== Segment start ==
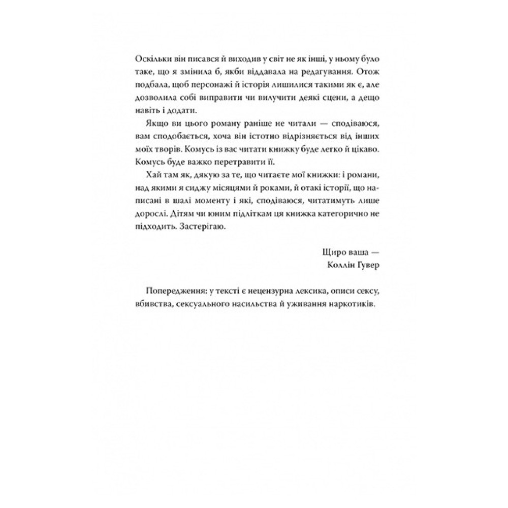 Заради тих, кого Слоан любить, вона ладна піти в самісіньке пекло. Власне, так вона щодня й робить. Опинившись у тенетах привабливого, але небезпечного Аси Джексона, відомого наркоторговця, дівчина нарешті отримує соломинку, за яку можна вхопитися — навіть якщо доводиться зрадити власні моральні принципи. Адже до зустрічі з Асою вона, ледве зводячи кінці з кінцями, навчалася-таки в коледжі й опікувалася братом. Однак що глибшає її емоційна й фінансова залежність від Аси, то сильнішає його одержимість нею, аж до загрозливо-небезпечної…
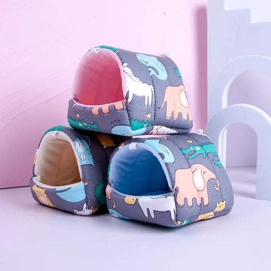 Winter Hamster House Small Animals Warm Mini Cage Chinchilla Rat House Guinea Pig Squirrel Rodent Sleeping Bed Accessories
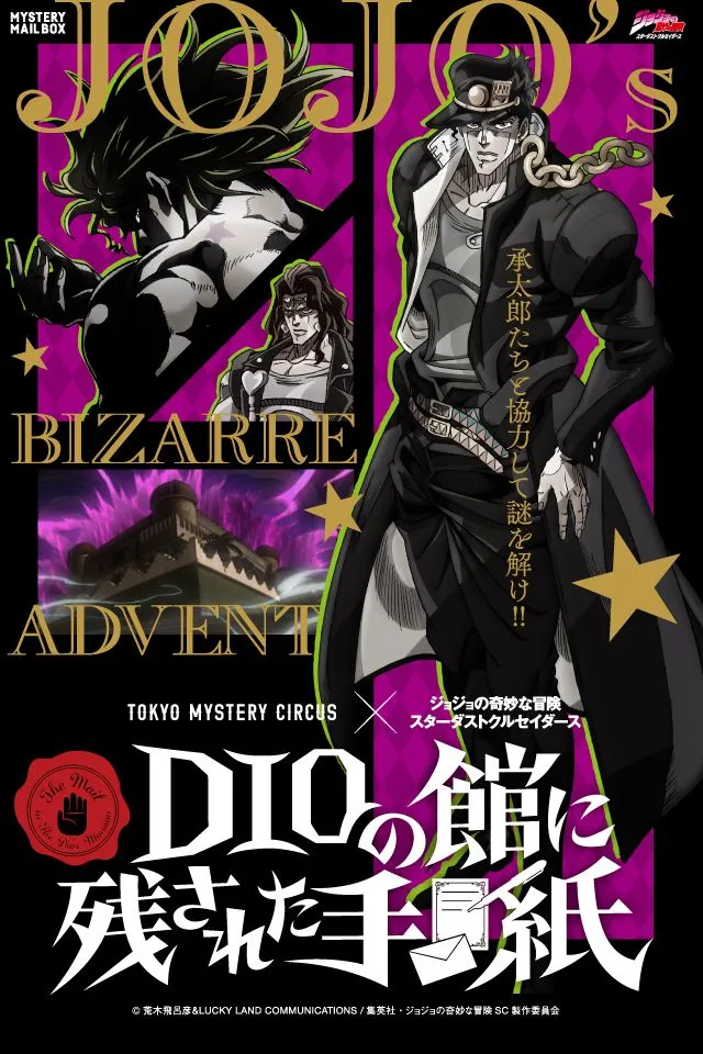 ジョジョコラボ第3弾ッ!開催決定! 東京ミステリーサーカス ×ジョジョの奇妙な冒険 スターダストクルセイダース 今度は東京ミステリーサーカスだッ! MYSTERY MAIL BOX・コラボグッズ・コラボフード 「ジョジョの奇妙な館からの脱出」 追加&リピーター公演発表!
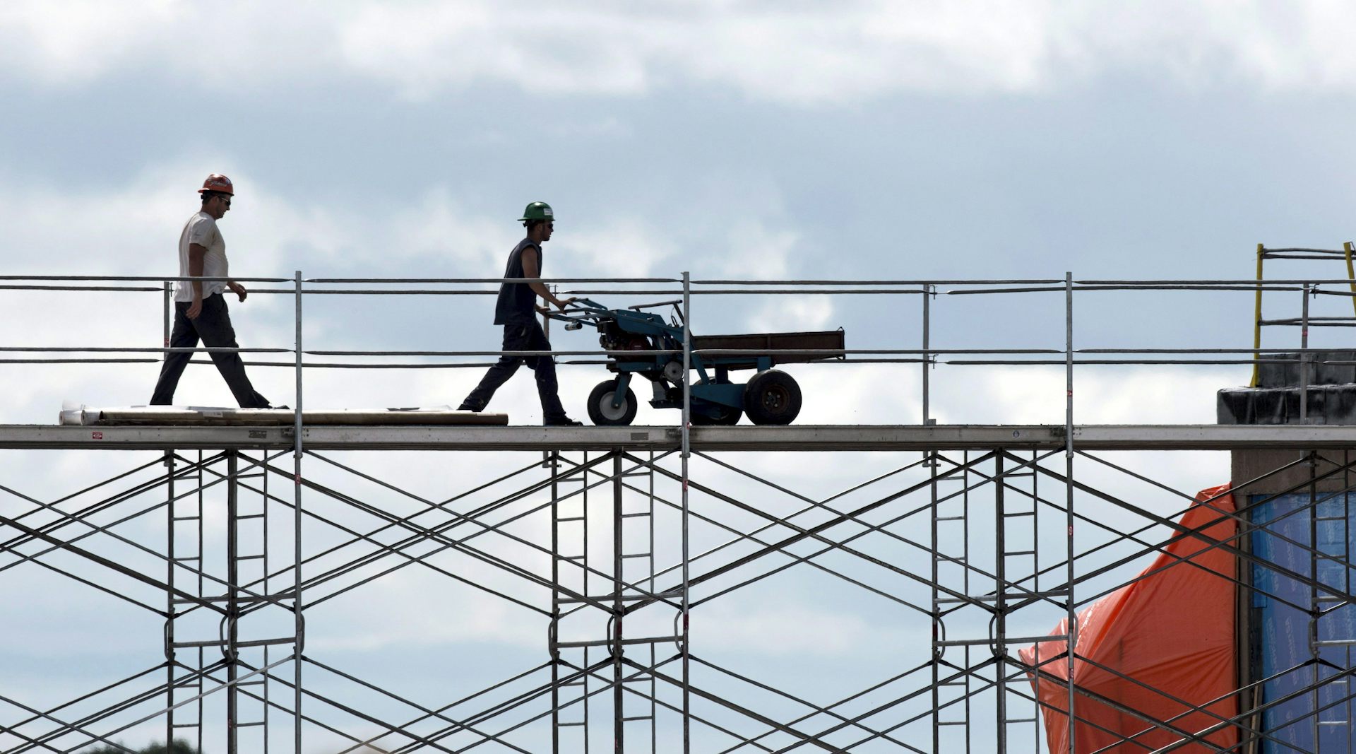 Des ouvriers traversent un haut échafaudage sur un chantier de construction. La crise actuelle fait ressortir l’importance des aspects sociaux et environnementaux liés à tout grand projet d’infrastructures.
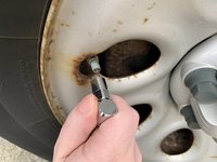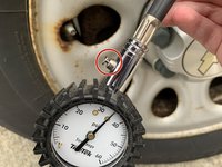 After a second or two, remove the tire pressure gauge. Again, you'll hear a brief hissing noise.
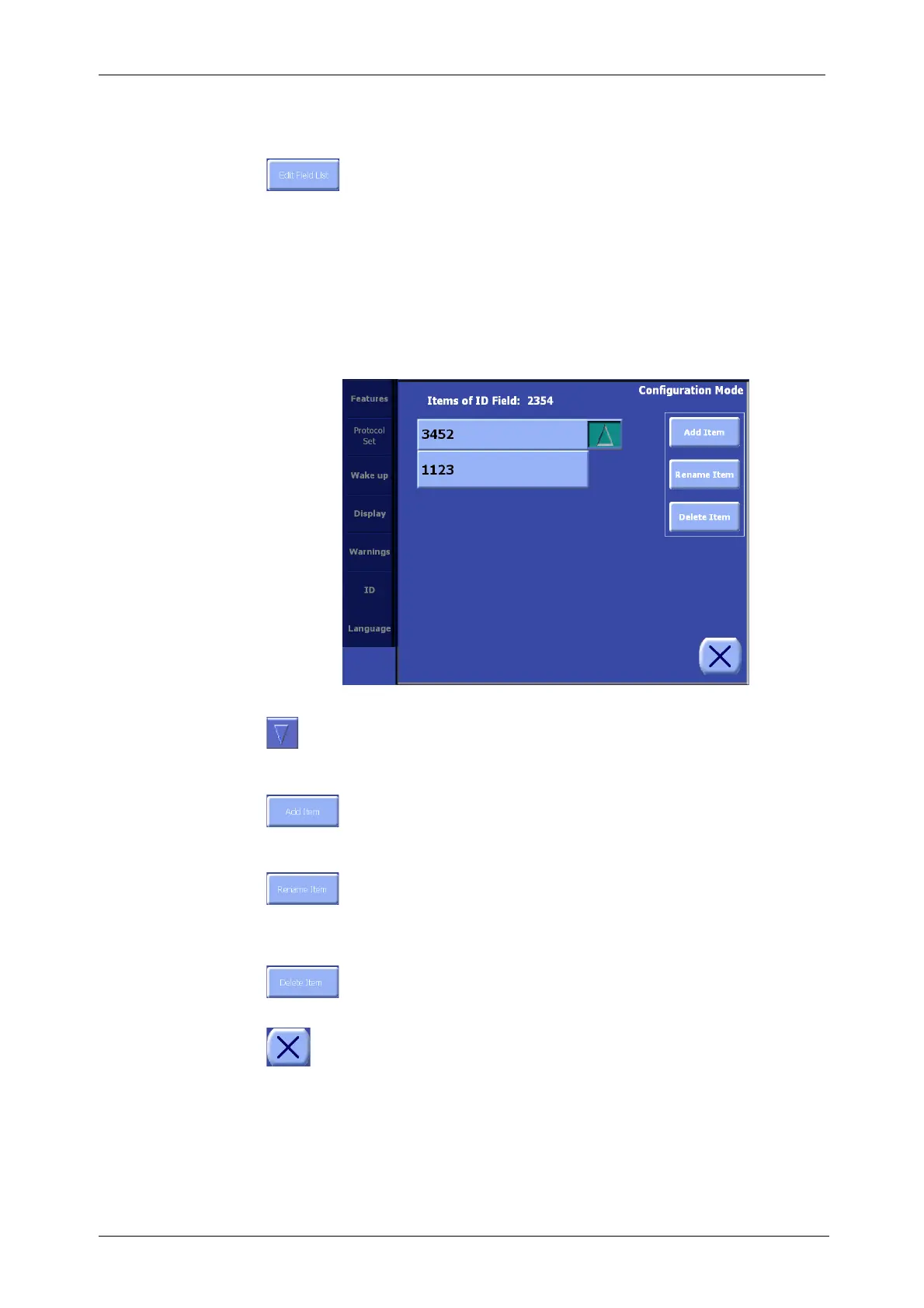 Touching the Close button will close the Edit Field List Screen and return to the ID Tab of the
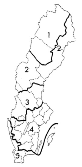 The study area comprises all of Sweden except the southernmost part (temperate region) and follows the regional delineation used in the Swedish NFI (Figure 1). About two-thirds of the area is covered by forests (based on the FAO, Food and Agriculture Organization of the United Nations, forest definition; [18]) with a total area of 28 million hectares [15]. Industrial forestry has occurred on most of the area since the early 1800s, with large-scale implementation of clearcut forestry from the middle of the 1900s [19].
== Segment end ==
**Task directions:**
A faithful reproduction of every entry, with no pictures, is the expected answer.

**Response to the exercise:**
 Заради тих, кого Слоан любить, вона ладна піти в самісіньке пекло. Власне, так вона щодня й робить. Опинившись у тенетах привабливого, але небезпечного Аси Джексона, відомого наркоторговця, дівчина нарешті отримує соломинку, за яку можна вхопитися — навіть якщо доводиться зрадити власні моральні принципи. Адже до зустрічі з Асою вона, ледве зводячи кінці з кінцями, навчалася-таки в коледжі й опікувалася братом. Однак що глибшає її емоційна й фінансова залежність від Аси, то сильнішає його одержимість нею, аж до загрозливо-небезпечної…
 Winter Hamster House Small Animals Warm Mini Cage Chinchilla Rat House Guinea Pig Squirrel Rodent Sleeping Bed Accessories
 ジョジョコラボ第3弾ッ!開催決定! 東京ミステリーサーカス ×ジョジョの奇妙な冒険 スターダストクルセイダース 今度は東京ミステリーサーカスだッ! MYSTERY MAIL BOX・コラボグッズ・コラボフード 「ジョジョの奇妙な館からの脱出」 追加&リピーター公演発表!
 Des ouvriers traversent un haut échafaudage sur un chantier de construction. La crise actuelle fait ressortir l’importance des aspects sociaux et environnementaux liés à tout grand projet d’infrastructures.
 After a second or two, remove the tire pressure gauge. Again, you'll hear a brief hissing noise.
 Touching the Close button will close the Edit Field List Screen and return to the ID Tab of the
 The study area comprises all of Sweden except the southernmost part (temperate region) and follows the regional delineation used in the Swedish NFI (Figure 1). About two-thirds of the area is covered by forests (based on the FAO, Food and Agriculture Organization of the United Nations, forest definition; [18]) with a total area of 28 million hectares [15]. Industrial forestry has occurred on most of the area since the early 1800s, with large-scale implementation of clearcut forestry from the middle of the 1900s [19].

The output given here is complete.